===== DATA SHOWN

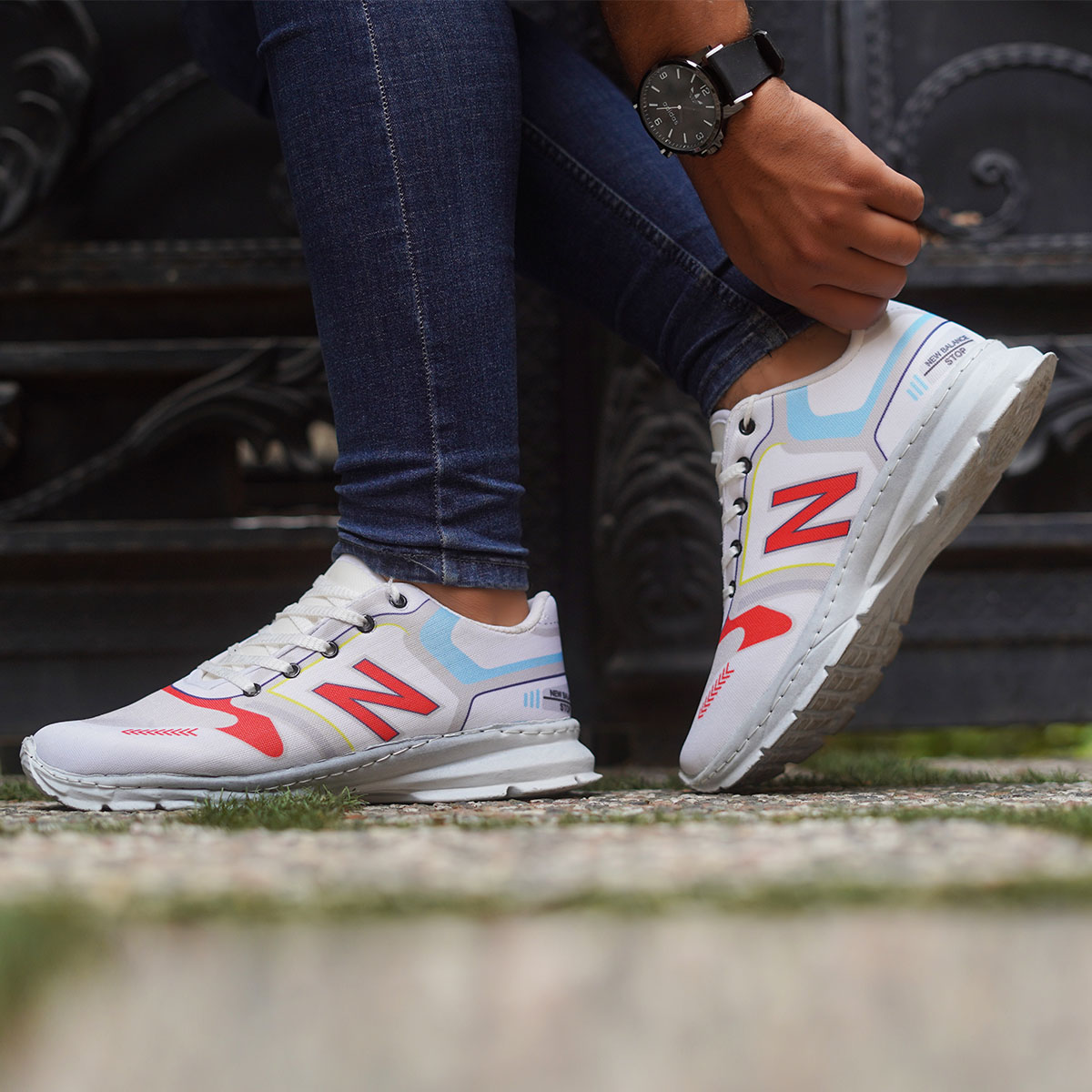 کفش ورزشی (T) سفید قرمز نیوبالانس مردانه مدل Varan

==========
===== DATA SHOWN

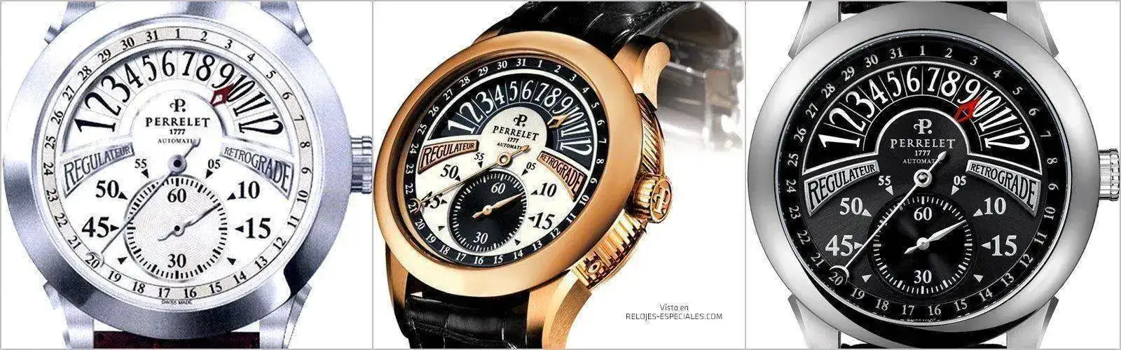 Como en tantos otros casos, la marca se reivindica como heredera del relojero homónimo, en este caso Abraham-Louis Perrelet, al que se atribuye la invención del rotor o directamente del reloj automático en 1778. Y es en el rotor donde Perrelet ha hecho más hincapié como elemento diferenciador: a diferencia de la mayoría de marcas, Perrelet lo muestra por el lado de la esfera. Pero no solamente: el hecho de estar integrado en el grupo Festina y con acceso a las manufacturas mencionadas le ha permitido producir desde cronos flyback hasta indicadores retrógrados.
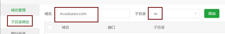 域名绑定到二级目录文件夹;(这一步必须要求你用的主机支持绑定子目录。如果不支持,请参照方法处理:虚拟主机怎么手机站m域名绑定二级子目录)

==========
===== DATA SHOWN

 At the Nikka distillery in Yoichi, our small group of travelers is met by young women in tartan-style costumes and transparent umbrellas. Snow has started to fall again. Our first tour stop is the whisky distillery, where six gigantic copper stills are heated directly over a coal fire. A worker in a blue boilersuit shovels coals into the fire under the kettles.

==========

▶ [WHAT THIS TASK INVOLVES]
Return only the stretch above from the line containing "Como en tantos" through the line containing "域名绑定到二级目录文件夹;(这一步必须要", word for word and without pictures.

▶ [SOLUTION]
 Como en tantos otros casos, la marca se reivindica como heredera del relojero homónimo, en este caso Abraham-Louis Perrelet, al que se atribuye la invención del rotor o directamente del reloj automático en 1778. Y es en el rotor donde Perrelet ha hecho más hincapié como elemento diferenciador: a diferencia de la mayoría de marcas, Perrelet lo muestra por el lado de la esfera. Pero no solamente: el hecho de estar integrado en el grupo Festina y con acceso a las manufacturas mencionadas le ha permitido producir desde cronos flyback hasta indicadores retrógrados.
 域名绑定到二级目录文件夹;(这一步必须要求你用的主机支持绑定子目录。如果不支持,请参照方法处理:虚拟主机怎么手机站m域名绑定二级子目录)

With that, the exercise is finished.